=== What you have to do ===
For the listing below, output exactly the lines from the line with "TOYOTA PRIUS 2015 г., лот № 1" up to and including the line with "ハイサイドライトの差し込む洗面所と浴室", and no other lines.

*** Opening of Records ***

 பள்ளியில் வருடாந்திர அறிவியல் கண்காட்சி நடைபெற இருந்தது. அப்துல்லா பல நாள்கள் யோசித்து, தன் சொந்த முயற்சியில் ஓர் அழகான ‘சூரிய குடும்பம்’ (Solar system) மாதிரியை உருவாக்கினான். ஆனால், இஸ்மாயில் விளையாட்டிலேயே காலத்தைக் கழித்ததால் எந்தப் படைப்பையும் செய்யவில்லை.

*** Close of Records ***
*** Opening of Records ***

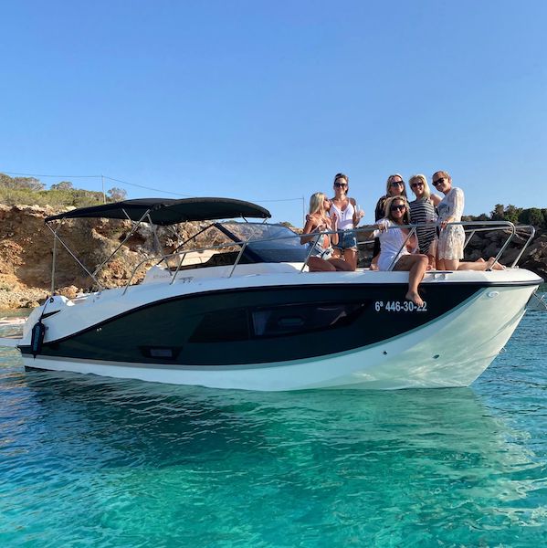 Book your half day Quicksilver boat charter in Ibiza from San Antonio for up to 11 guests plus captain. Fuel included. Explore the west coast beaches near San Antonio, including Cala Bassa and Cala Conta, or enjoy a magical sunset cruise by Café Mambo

*** Close of Records ***
*** Opening of Records ***

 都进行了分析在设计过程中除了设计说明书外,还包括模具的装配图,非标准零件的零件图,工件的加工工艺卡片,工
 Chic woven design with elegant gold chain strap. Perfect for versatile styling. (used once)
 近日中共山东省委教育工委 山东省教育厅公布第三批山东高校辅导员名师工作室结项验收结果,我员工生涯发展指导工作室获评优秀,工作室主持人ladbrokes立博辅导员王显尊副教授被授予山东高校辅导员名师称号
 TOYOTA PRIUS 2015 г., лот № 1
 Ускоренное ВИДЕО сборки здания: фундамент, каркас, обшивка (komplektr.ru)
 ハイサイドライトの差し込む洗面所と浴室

*** Close of Records ***

=== Finished task ===
 TOYOTA PRIUS 2015 г., лот № 1
 Ускоренное ВИДЕО сборки здания: фундамент, каркас, обшивка (komplektr.ru)
 ハイサイドライトの差し込む洗面所と浴室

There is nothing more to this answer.